Learn Special Methods by Building a Vector Space - Step 68

Hi, @maria.kolouchova

Regarding your problem, would this post help?

I have read it, but I still don’t understand it. The post is closed now, so I opened a new one.

If you have a set of numbers: 1,2,3,4,5

Numbers > 3:  4,5
Numbers < 3:  1,2
Numbers <= 3: 1,2,3

In this sense, all the numbers in the set that are not “greater than 3” (4,5) are “less than or equal to 3” (1,2,3). This is what it means by the opposite of greater than. It’s not quite “the opposite” is it…

All numbers in the set that are not > 3 are <= 3.

Thank you for your answer.

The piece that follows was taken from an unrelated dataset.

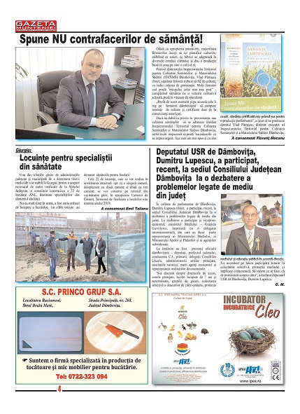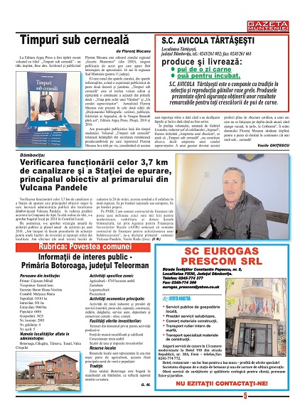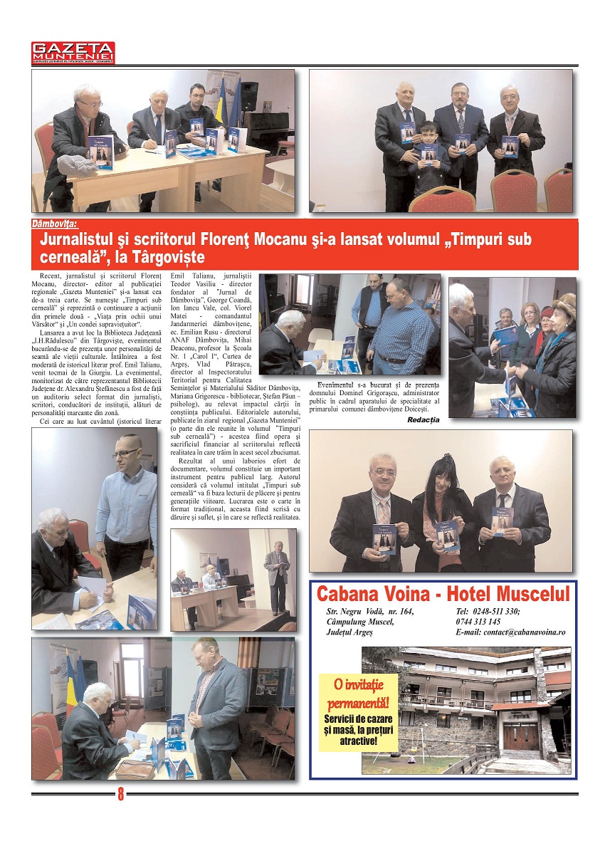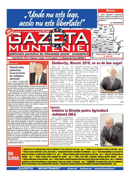 A ieşit de sub tipar nr. 320 al publicaţiei regionale “Gazeta Munteniei”, periodic de informaţie social economică. Din cuprinsul acestei ediţii spicuim: Editorialul intitulat: Planurile cadru pentru liceu au sau nu nevoie de o schimbare adevărată? – semnat de directorul Florenţ Mocanu, precum şi articole referitoare la: Dâmbovița: Au fost confirmate două cazuri de îmbolnăviri cu virus gripal tip B la doi copii, Săndoi vrea să promoveze FC Argeș în prima ligă, Ploieşti: Lansarea proiectului cu tema „Smart Start-up – Antreprenoriat inovativ și sustenabil în Sud Muntenia”, Buzău: Municipalitatea a pus la punct un proiect de dezvoltare a oraşului pentru următorii 12 ani, Călărași: Funcționar public cercetat pentru luare de mită, Spune NU contrafacerilor de sămânță!, Giurgiu: Locuinţe pentru specialiştii din sănătate, Buftea: A treia ediție a conferinței ‟Împreună împotriva violenței”, Sprijin acordat pentru sectorul zootehnic, Brăila: Primăria a sterilizat împreună cu Dog Rescue peste 3.300 de câini, în ultimii trei ani, Dâmboviţa: Jurnalistul şi scriitorul Florenţ Mocanu şi-a lansat volumul ‟Timpuri sub cerneală”, la Târgoviște, DOCUMENTAR: 15 octombrie 1922, ziua în care Ferdinand și Maria au fost încoronați ca regi ai României Mari la Alba Iulia. La eveniment au participat numeroase personalități ale timpului din județul Dâmbovița.

I think I followed your suggestion, but it still doesn’t work.

    def __le__(self, other):
        if type(self) != type(other):
            return NotImplemented
        return not self.norm() > other.norm()

The logic here ensures that self is not greater than other, meaning it is less than or equal to. However, I still feel there should logically be a <= operator. I’m stuck at this point.

You need to use > as asked:

make it return the opposite of self > other .

You can directly do the comparison of the two because you have already implemented gt

Ok, I got it… The issue was with how I approached the logic. I realized I didn’t need to explicitly call methods on self and other because the logic of a previous method already handles that.